Over 40 tons of the precious metal were added to state reserves in October, according to the World Gold Council
Central banks have continued their gold buying spree, with reported net monthly purchases totaling 42 tons in October, the World Gold Council (WGC) has revealed.
According to a report published last week, the figure was 41% lower than September’s revised total of 72 tons, but still 23% above the January-September monthly average of 34 tons.
The People’s Bank of China (PBoC) remained the largest bullion buyer, reporting purchases of 23 tons of gold in the 12th consecutive monthly addition to its reserves. This reportedly brings the PBoC’s net purchases to 204 tons during 2023, with its overall reserves amounting to 2,215 tons. “Despite the significant increase, reported gold reserves still account for just 4% of the bank’s total international reserves,” the WGC wrote.
The Central Bank of Türkiye also made a significant purchase during the month, buying 19 tons to increase its official gold reserves (central bank plus Treasury holdings) to 498 tons.

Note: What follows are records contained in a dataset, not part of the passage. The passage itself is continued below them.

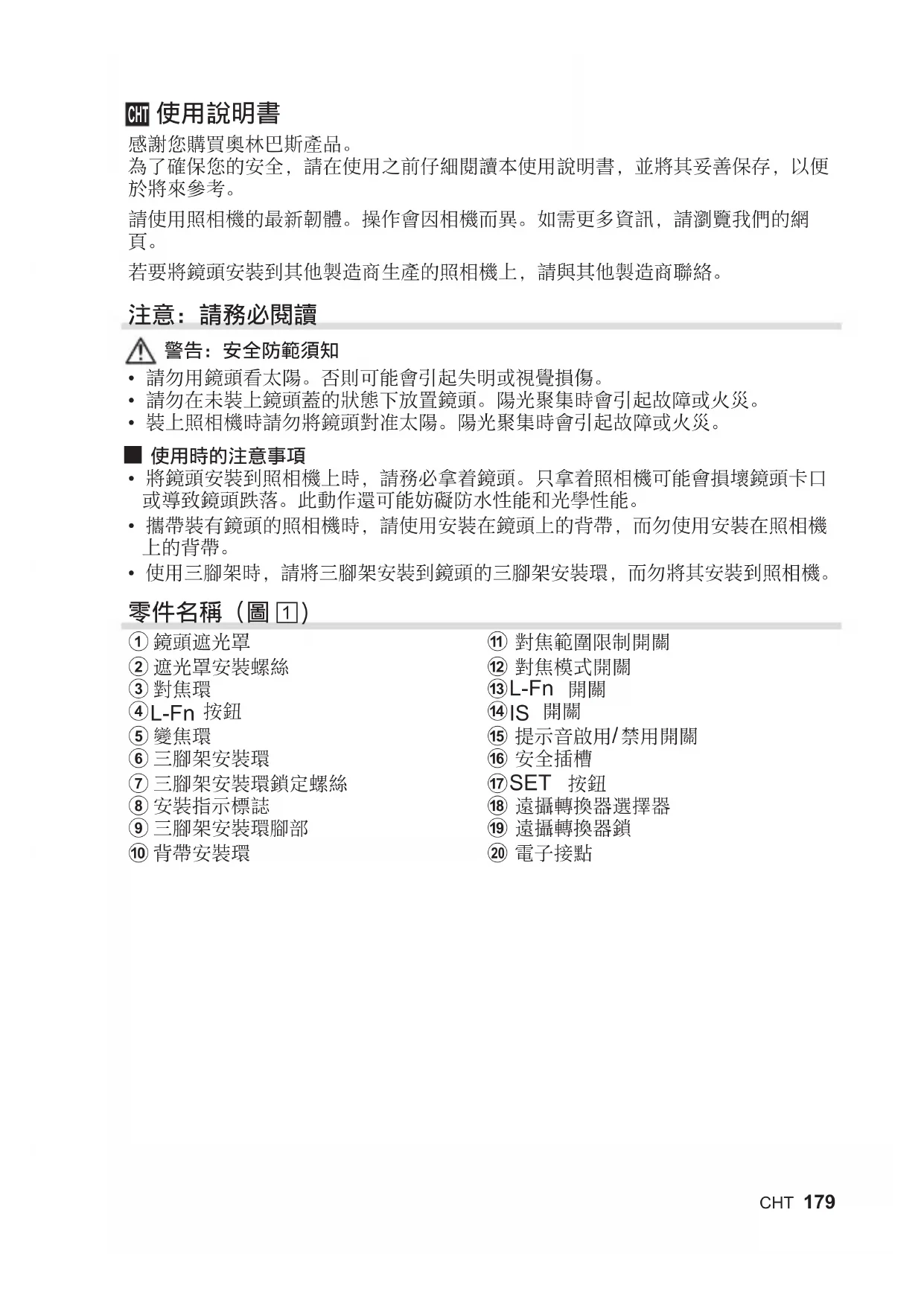 感謝您購買奧林巴斯產品。為了確保您的安全,請在使用之前仔細閱讀本使用說明書,並將其妥善保存,以便於將來參考。請使用照相機的最新韌體。操作會因相機而異。如需更多資訊,請瀏覽我們的網 若要將鏡頭安裝到其他製造商生產的照相機上,請與其他製造商聯絡。 警告:安全防範須知• 請勿用鏡頭看太陽。否則可能會引起失明或視覺損傷。• 請勿在未裝上鏡頭蓋的狀態下放置鏡頭。陽光聚集時會引起故障或火災。• 裝上照相機時請勿將鏡頭對准太陽。陽光聚集時會引起故障或火災。 使用時的注意事項• 將鏡頭安裝到照相機上時,請務必拿着鏡頭。只拿着照相機可能會損壞鏡頭卡口或導致鏡頭跌落。此動作還可能妨礙防水性能和光學性能。• 攜帶裝有鏡頭的照相機時,請使用安裝在鏡頭上的背帶,而勿使用安裝在照相機上的背帶。• 使用三腳架時,請將三腳架安裝到鏡頭的三腳架安裝環,而勿將其安裝到照相機。
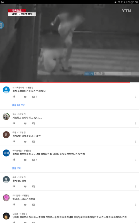 근데 진짜 유투브댓글들 보면 맞는데 이유있다~김치년은 맞아야돤다 ㅇㅈㄹ하면서 씨부리는 애들이 있다는게 소름이다
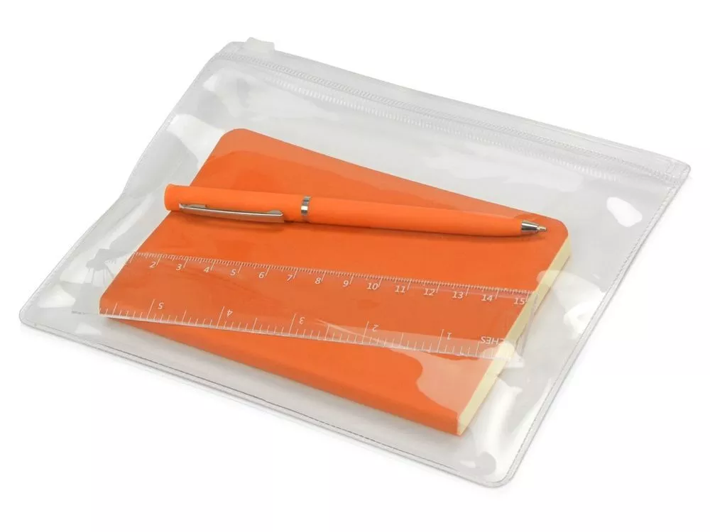 В канцелярский набор входит прозрачный пенал из ПВХ с zip-замком и линейка, блокнот формата А6 в мягкой обложке с закругленными углами, элегантная пластиковая ручка с хромированными деталями. Корпус ручки с приятным тактильным soft-touch покрытием. Тиснение (Блинт) на данный товар осуществляется бесплатно. Оплачивается только настройка оборудования в размере 5800 рублей на весь тираж.
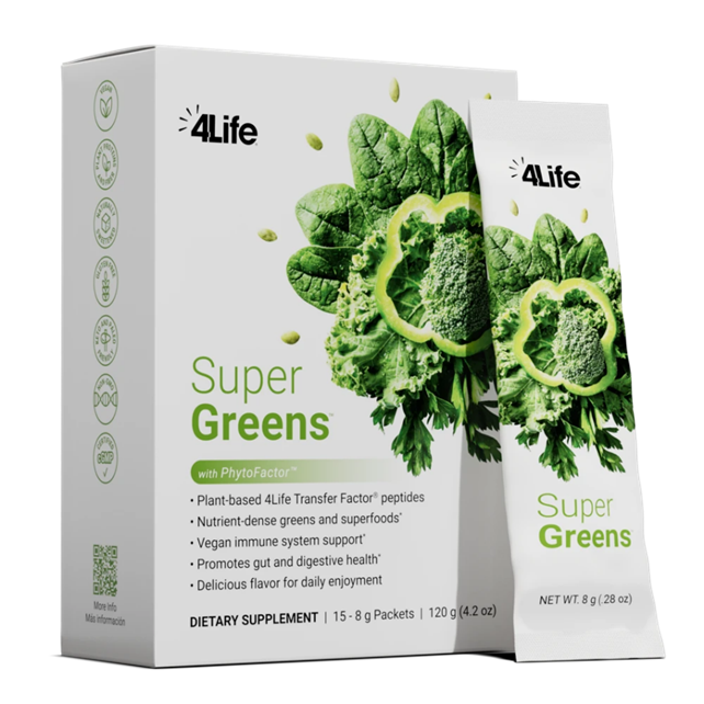 4Life Super Greens – это высокоэффективный комплекс на растительной основе, обеспечивающий организм целостным питанием из богатейших по нутриентам зелёных овощей, злаков и корнеплодов. Это единственный в мире продукт в своей категории, усиленный технологией PhytoFactor™ — биоактивными иммунными пептидами из семян Brassica napus, которые обучают и оптимизируют работу иммунной системы. Super Greens помогает восполнить пробелы в рационе, поддерживает здоровье кишечника и обеспечивает антиоксидантную защиту, способствуя общему оздоровлению и омоложению.
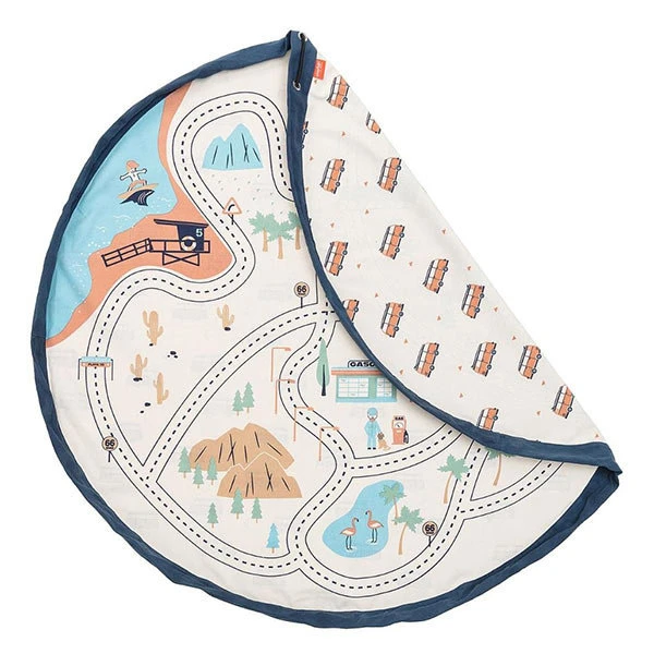 Speelmat en opbergzak LA roadmap is ideaal voor het beleven van leuke avonturen. Een praktische opbergzak en een leuke speelmat in één waardoor spelen, opruimen en speelgoed opbergen super leuk wordt! Trek je heel eenvoudig aan het koord van deze opbergzak, dan tover je dit speeltapijt in een handomdraai om tot een praktische opbergzak met handige ophaallus. Het ideale opbergsysteem.
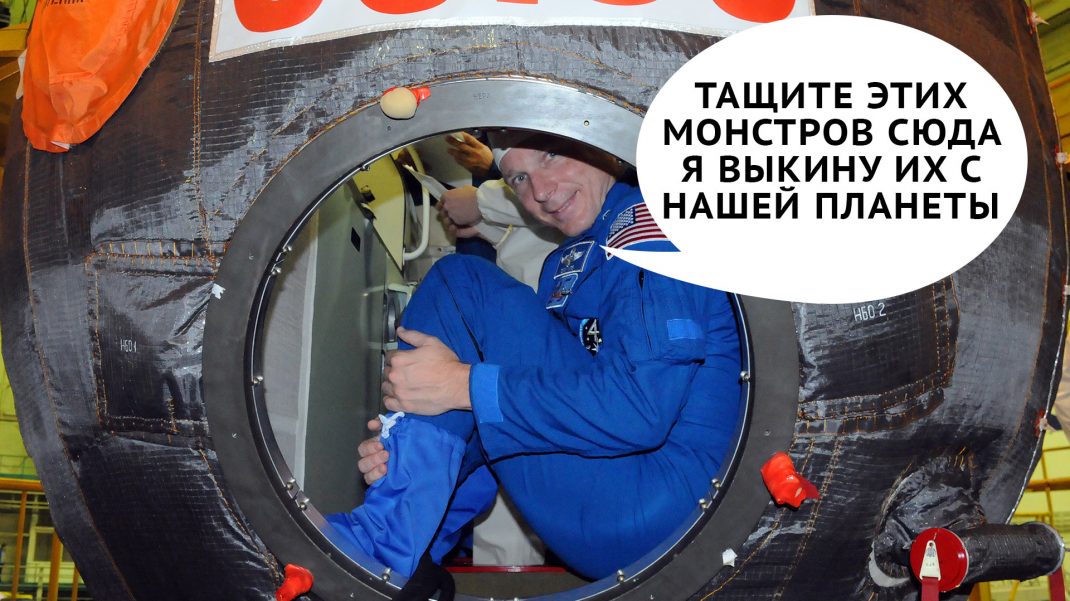 BAIKONUR, KAZAKHSTAN — NOVEMBER 12, 2014: ISS Expedition 42−43 NASA flight engineer Terry Virts looks out from the hatch of the Russian Soyuz TMA-15M spacecraft during fit check at Baikonur Cosmodrome
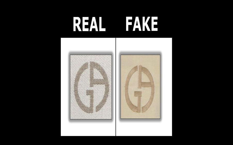 Presence of logo on Armani fabric is necessary and no matter how small the item is - the brand's symbol plays an eminent role in proving the authenticity of the label. The clothing line lies under Giorgio Armani so you will usually find two Gs facing each other in an upside down position. The clarity and neatness of the logo has to be judged very carefully. On the fabric, the logo is basically stitched.
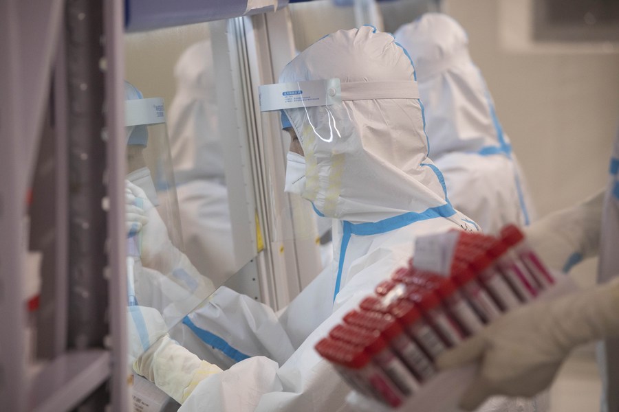 Medical workers work at a mobile laboratory for nucleic acid test in Harbin, northeast China's Heilongjiang Province, Nov. 5, 2021. (Xinhua/Zhang Tao)
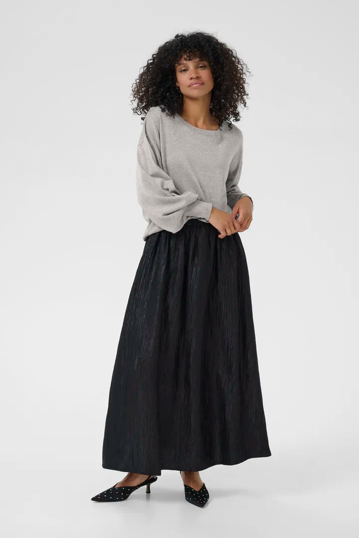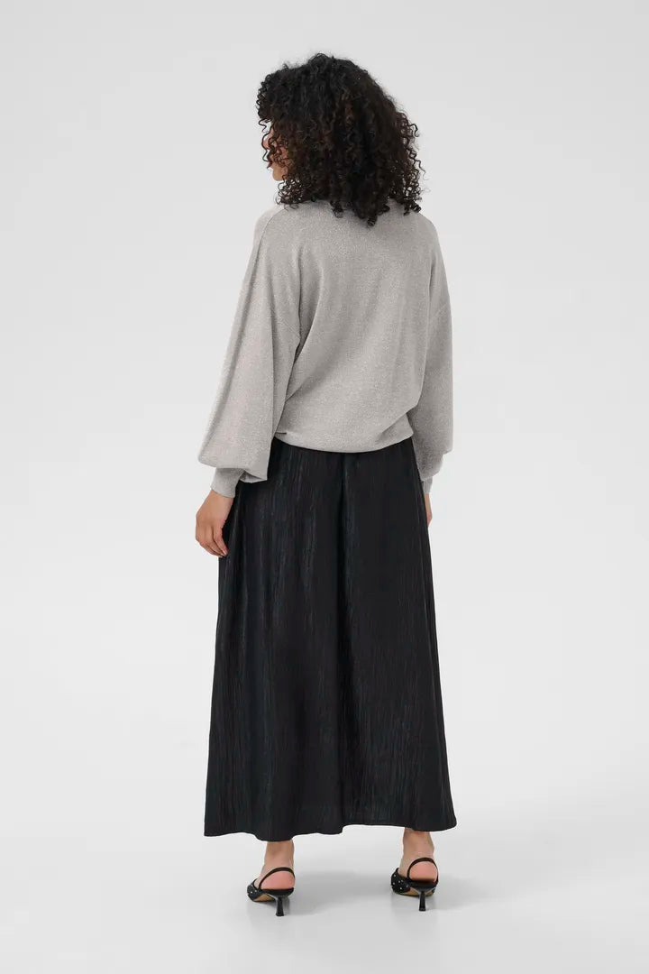 The Regina Knit Pullover combines effortless style with everyday comfort. This lightweight sweater features delicate silver threading woven throughout for a touch of understated elegance. The round neckline and voluminous balloon sleeves create a flattering, relaxed silhouette that moves with you, while the stretch knit fabric ensures a comfortable fit whether you're layering or wearing it solo. Perfect for transitional seasons and casual moments that call for warmth without bulk.
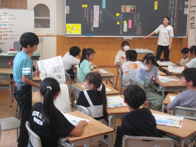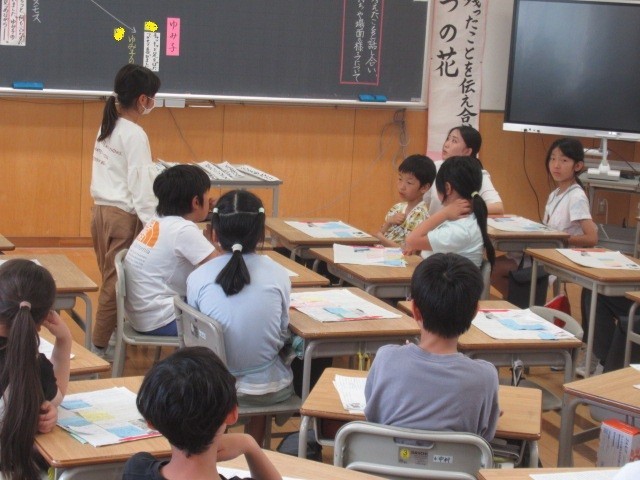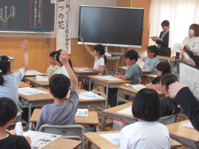この機会に、教科書に載っている、下記の教材文などを読み、「平和」について自分なりに考えてみることは、とても意味のあることです。「勉強」などと考えずに読み進めてみましょう。画像は、4年生の皆さんが「一つの花」を熱心に学習している様子です(6月)。
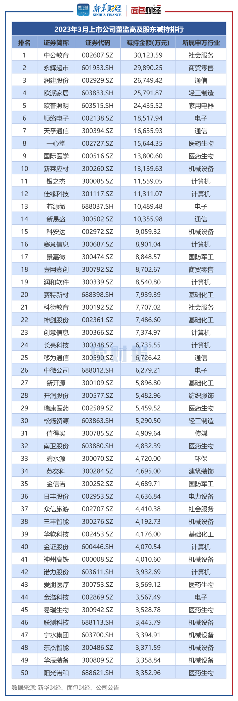 3月合计减持约56亿元 中公教育、永辉超市、润建股份减持金额居前

Beyond these two banks, buying was more modest, the report noted. The National Bank of Poland reportedly continued adding to its gold stockpile, buying another six tons. Its holdings of the yellow metal have now risen by over 100 tons this year, to 340 tons in total. The Reserve Bank of India, the Czech National Bank, the National Bank of the Kyrgyz Republic, and the Qatar Central Bank were the other significant buyers in October.
The report also noted that central bank gold purchases have heavily outweighed sales of the metal so far this year.
“Even before October’s net buying, we noted that 2023 was likely to be another colossal year of central bank buying. Having started Q4 positively, this year’s central bank demand looks set to climb even higher,” the WGC concluded.